Перед ней выступали куклы. Одна за другой. Слабо освещенные стеарином свечей. Фарфоровые куклы, куклы из ткани. Манекены из витрин рядом с антикварными куклами из отслаивавшегося папье-маше. Восковые фигуры. Безголовые торсы и бюсты из стальной проволоки. А кроме того, бесконечное число маленьких кукол, похоже, домашнего изготовления, с взлохмаченными волосами, в шелковых платьях и в кринолинах. Расставленные по полкам и пьедесталам. Аккуратно стоящие в крошечных, сшитых вручную кожаных тапочках, кружевных шапочках с бантиками. И все же они тоже были частью этого «кабинета ужасов» со своими мертвыми, застывшими лицами. Без всякого выражения, без мимики. У некоторых кукол не хватало руки или ноги, как будто они были участниками садистского эксперимента с произвольными ампутациями чего попало под руку. У других кукол были вырваны глаза, остались только пустые черные дыры на лицах. Остальные пялились на нее со всех сторон холодными взглядами тысяч эмалированных глаз. Ее влекло в комнату как под гипнозом. В то же время она остерегалась, чтобы ближайшие к ней куклы не попадали на нее. Колеблющиеся огоньки пламени свечей освещали кукол снизу и подчеркивали тенями ощущение безжизненности. Она не сразу поняла, что именно вынудило ее реагировать. Едва заметное движение? Или слабый звериный скулеж?
В глубине комнаты, в углу, сидел Стен Хофман.
Он сидел на коленях, подогнув под себя ноги. Тело ритмично раскачивалось взад-вперед. Голова опущена. Рядом стояли еще куклы. В натуральную величину. Голые. И хотя они выглядели на старинный лад, не естественными, а с искаженными чертами, с отлитыми из пластмассы прическами и чрезмерно размалеванными лицами, все-таки казалось, что сделали их совсем недавно. Они блестели в свете пламени свечей. Отлакированные. Отполированные. Стен Хофман сидел, наклонившись вперед, на плоских нарах. Или на подушке. Как в алтаре. Она уже давно все поняла. И все же мозг отказывался переработать и усвоить эту информацию.

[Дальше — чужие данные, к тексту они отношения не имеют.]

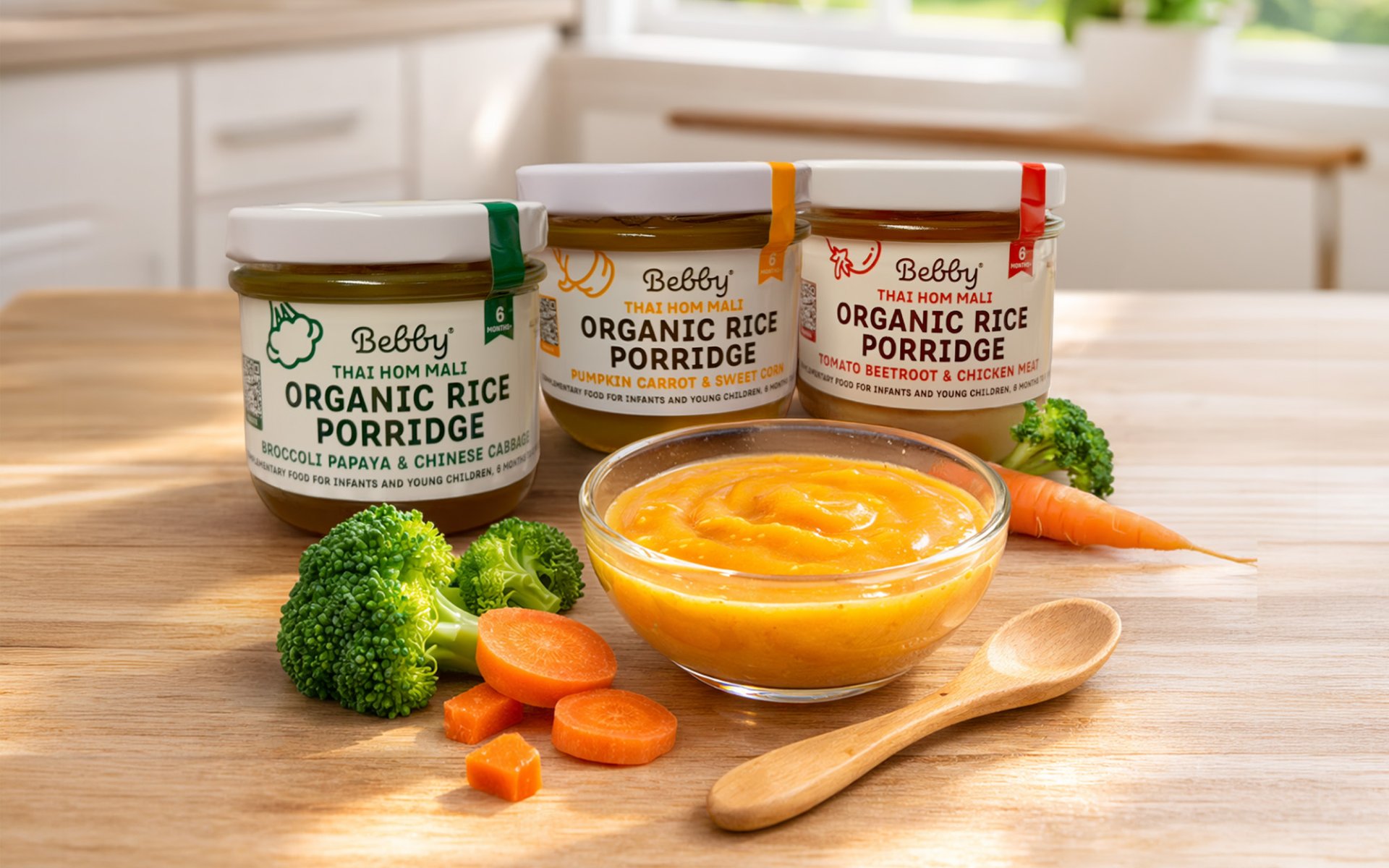 ข้าวต้มออร์แกนิกที่ผลิตจากข้าวหอมมะลิไทยคุณภาพสูง ผสานกับผัก และโปรตีนจากธรรมชาติในสูตรที่หลากหลาย อาทิ ข้าวต้มผสมฟักทอง แครอท และข้าวโพด, ข้าวต้มผสมหัวหอม หัวไชเท้า กะหล่ำดอก และอกไก่, ข้าวต้มผสมมันม่วง กะหล่ำม่วง และอกไก่, ข้าวต้มผสมมะเขือเทศ บีทรูท และอกไก่ และข้าวต้มผสมบร็อคโคลี มะละกอ และผักกาดขาวทุกสูตรได้รับการออกแบบให้เหมาะสมกับเด็กในช่วงเริ่มต้นรับประทานอาหารเสริม โดยมุ่งเน้นทั้งคุณค่าทางโภชนาการ ความอ่อนโยนต่อระบบย่อยอาหาร และการปลูกฝังนิสัยการรับประทานผักตั้งแต่วัยเยาว์
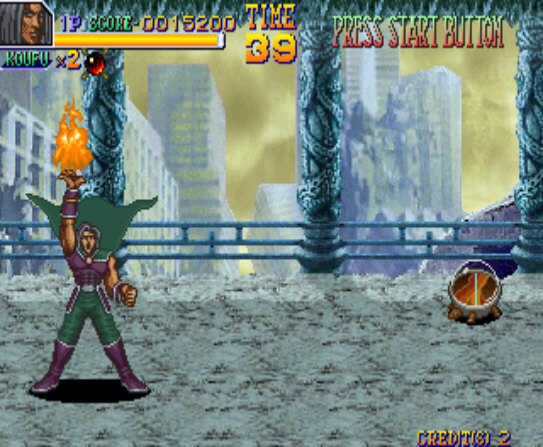 《征战者》是一款经典的动作闯关类街机游戏,本作是由Noise Factory公司制作。游戏为玩家们提供了五个人物角色,这些人物角色都具有不同的格斗技能和必杀技,玩家可以从中任意挑选自己喜欢的人物来进行游戏。此外游戏还具有原创的魔法系统,玩家可以使用道具来释放不同的魔法。

Он не видел Линн. Во всяком случае, он не посмотрел на нее, не поднял головы, а просто покачивался, не потревоженный ее присутствием. Звериное поскуливание доносилось из глубины его грудной клетки. Знал он вообще, что она была в комнате?
Линн начала задыхаться. В висках стучало. Она заставила себя сделать глубокий вдох. Подавила начинавшийся было приступ кашля. Вонь в комнате стояла невыносимая. Но она стояла не двигаясь. Осматривалась, приходя в отчаяние. Где-то же должен быть отсюда выход! Хоть черный ход на чердачную лестницу! В колеблющемся пламени свечей не видно было никаких контуров двери. Одни только куклы.
Повсюду.
Она прикусила губу. Вкус крови достиг неба. Нахлынула боль. Незаметно она сделала шаг назад, к двери. И застыла.
Его широко раскрытые глаза смотрели прямо на нее.
Взгляд странствовал от ее голых ног вверх, по всему ее телу. Глаза водянистые. Но взгляд абсолютно черный. Направленный прямо на нее. Она колебалась. Казалось, что он контролировал ее движения своим командирским взглядом. Ее секундного колебания было ему достаточно. Он был уже на ногах, когда она повернулась, чтобы бежать. Грубая ладонь ударила ее по голове, как медвежья лапа. Удар был таким сильным, что на долю секунды она подумала, что раздроблена височная кость и вдавлена в мозг. Но она все-таки не потеряла сознания. Боль отдалась в затылке и верхних позвонках, а она все пыталась схватиться за что-нибудь.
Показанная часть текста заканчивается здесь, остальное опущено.